INSTRUCTIONS TO FOLLOW |
Print the listing below only from the line that has "Lavamani da parete" through the line that has "Trivela - Celana", exactly, and drop any picture.

DATA TO PROCESS |
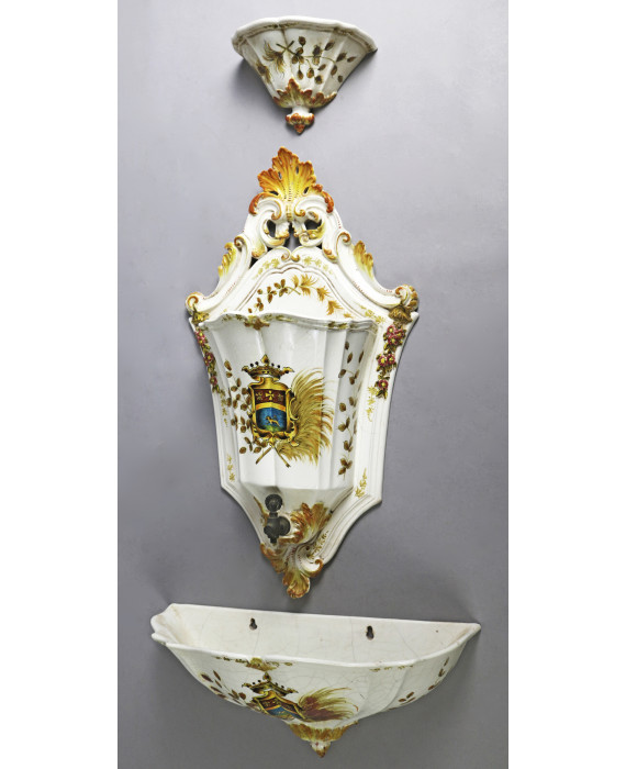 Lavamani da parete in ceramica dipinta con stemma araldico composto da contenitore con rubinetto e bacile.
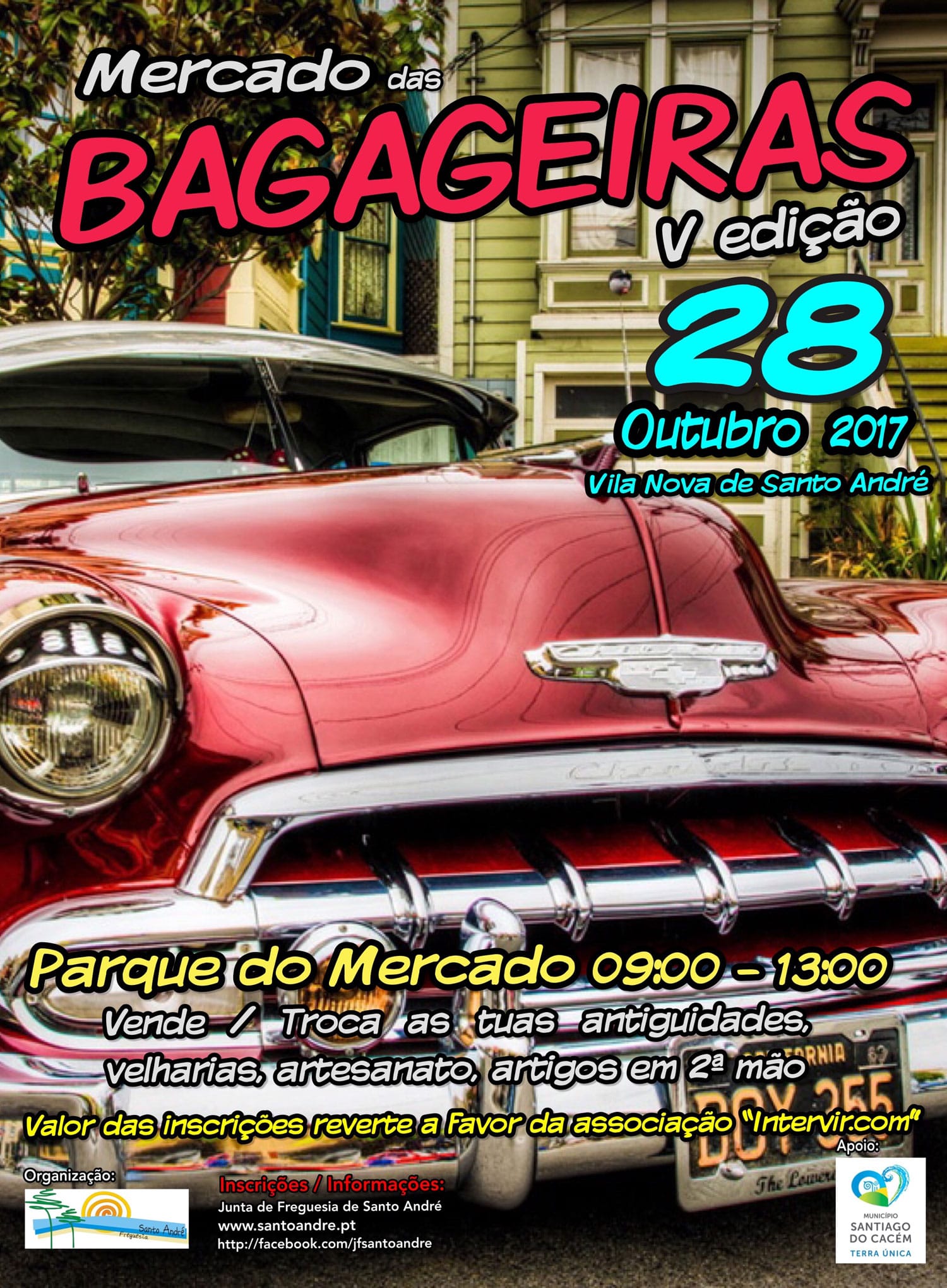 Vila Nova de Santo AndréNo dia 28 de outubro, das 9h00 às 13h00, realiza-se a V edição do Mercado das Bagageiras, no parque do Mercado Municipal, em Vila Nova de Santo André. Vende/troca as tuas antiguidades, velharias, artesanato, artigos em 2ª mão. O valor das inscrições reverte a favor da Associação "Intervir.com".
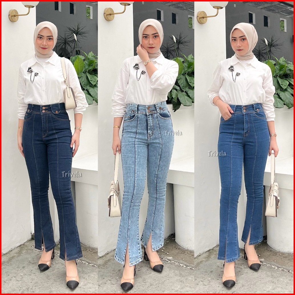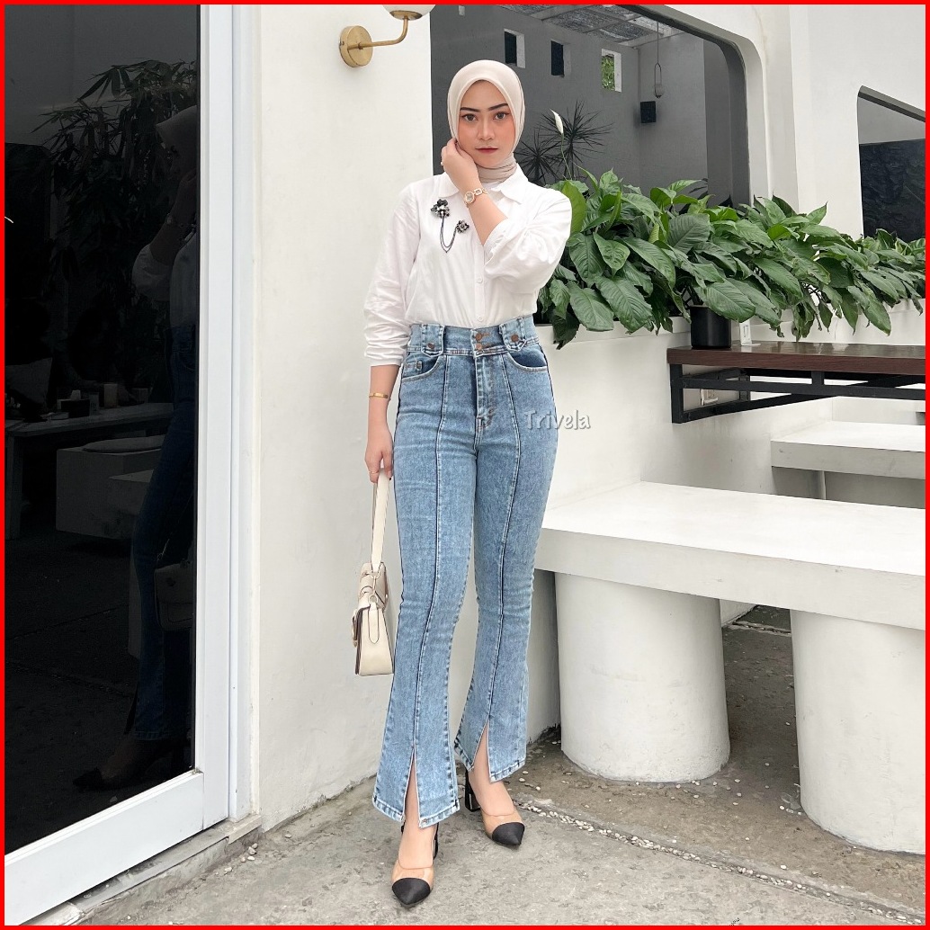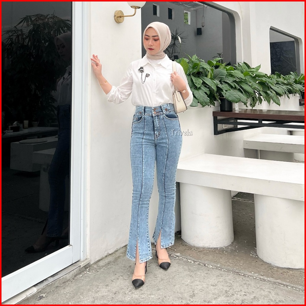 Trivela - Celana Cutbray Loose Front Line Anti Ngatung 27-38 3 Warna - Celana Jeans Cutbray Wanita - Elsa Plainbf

...

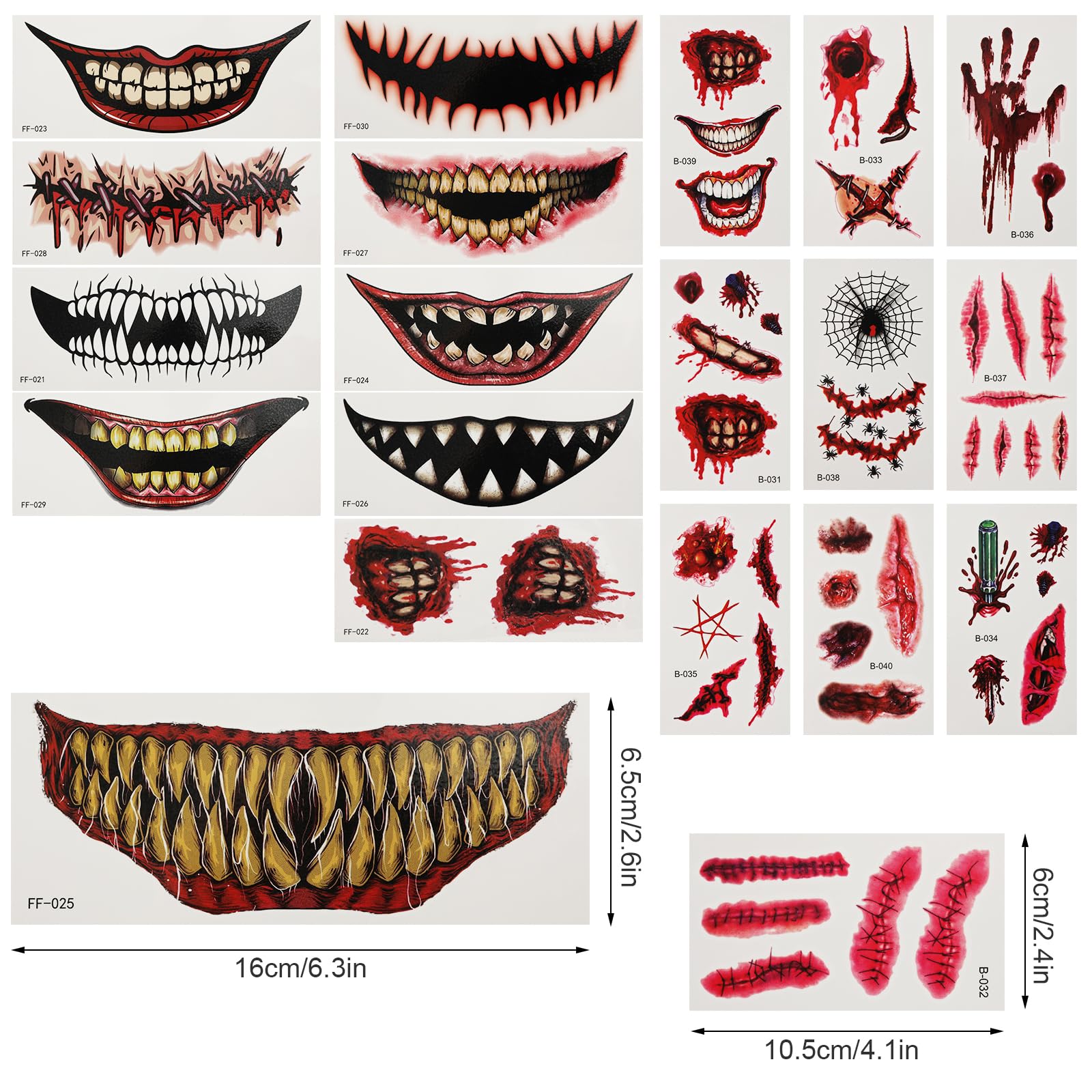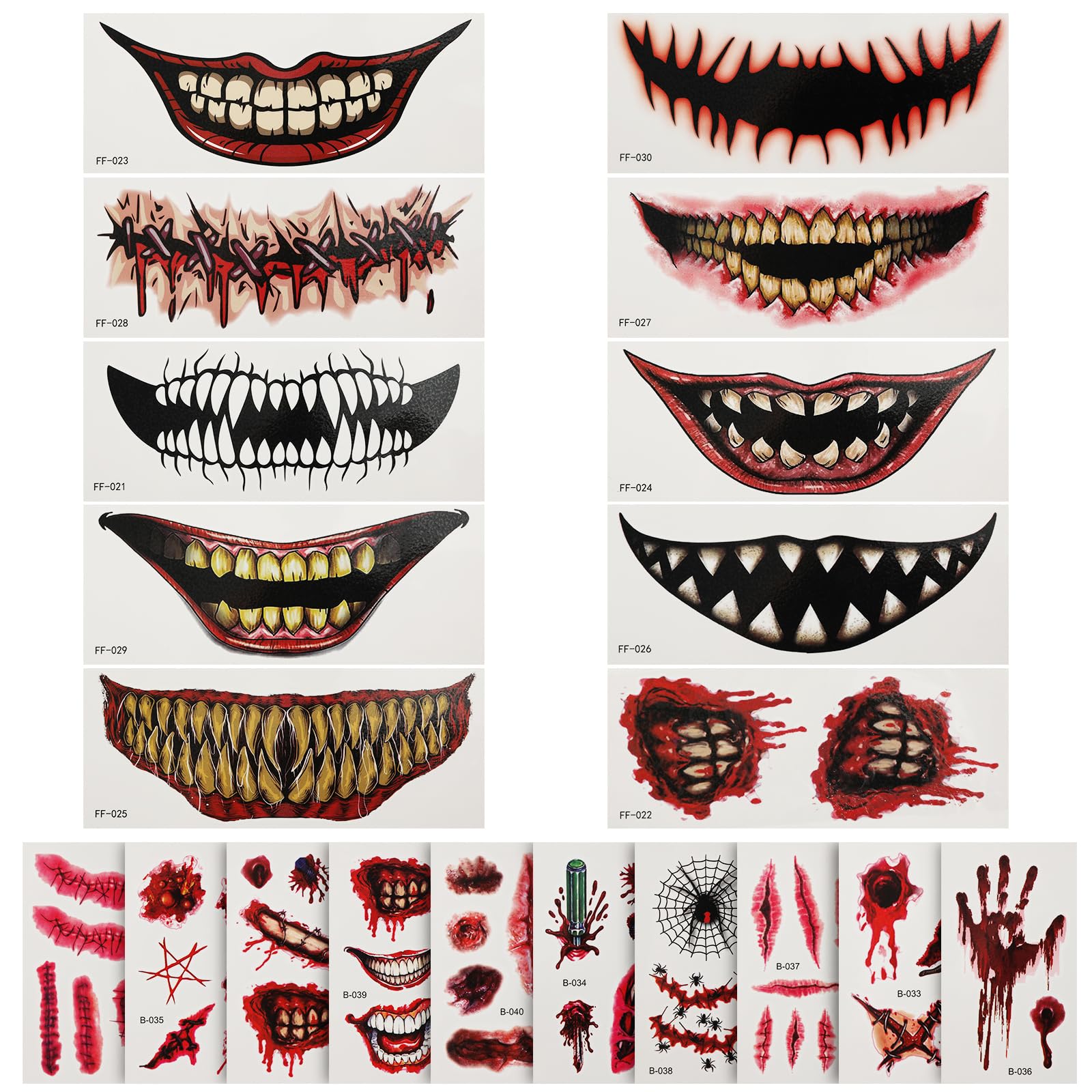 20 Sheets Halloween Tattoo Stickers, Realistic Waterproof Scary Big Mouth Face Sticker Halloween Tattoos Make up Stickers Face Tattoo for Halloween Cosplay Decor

THE COMPLETED TASK |
 Lavamani da parete in ceramica dipinta con stemma araldico composto da contenitore con rubinetto e bacile.
 Vila Nova de Santo AndréNo dia 28 de outubro, das 9h00 às 13h00, realiza-se a V edição do Mercado das Bagageiras, no parque do Mercado Municipal, em Vila Nova de Santo André. Vende/troca as tuas antiguidades, velharias, artesanato, artigos em 2ª mão. O valor das inscrições reverte a favor da Associação "Intervir.com".
 Trivela - Celana Cutbray Loose Front Line Anti Ngatung 27-38 3 Warna - Celana Jeans Cutbray Wanita - Elsa Plainbf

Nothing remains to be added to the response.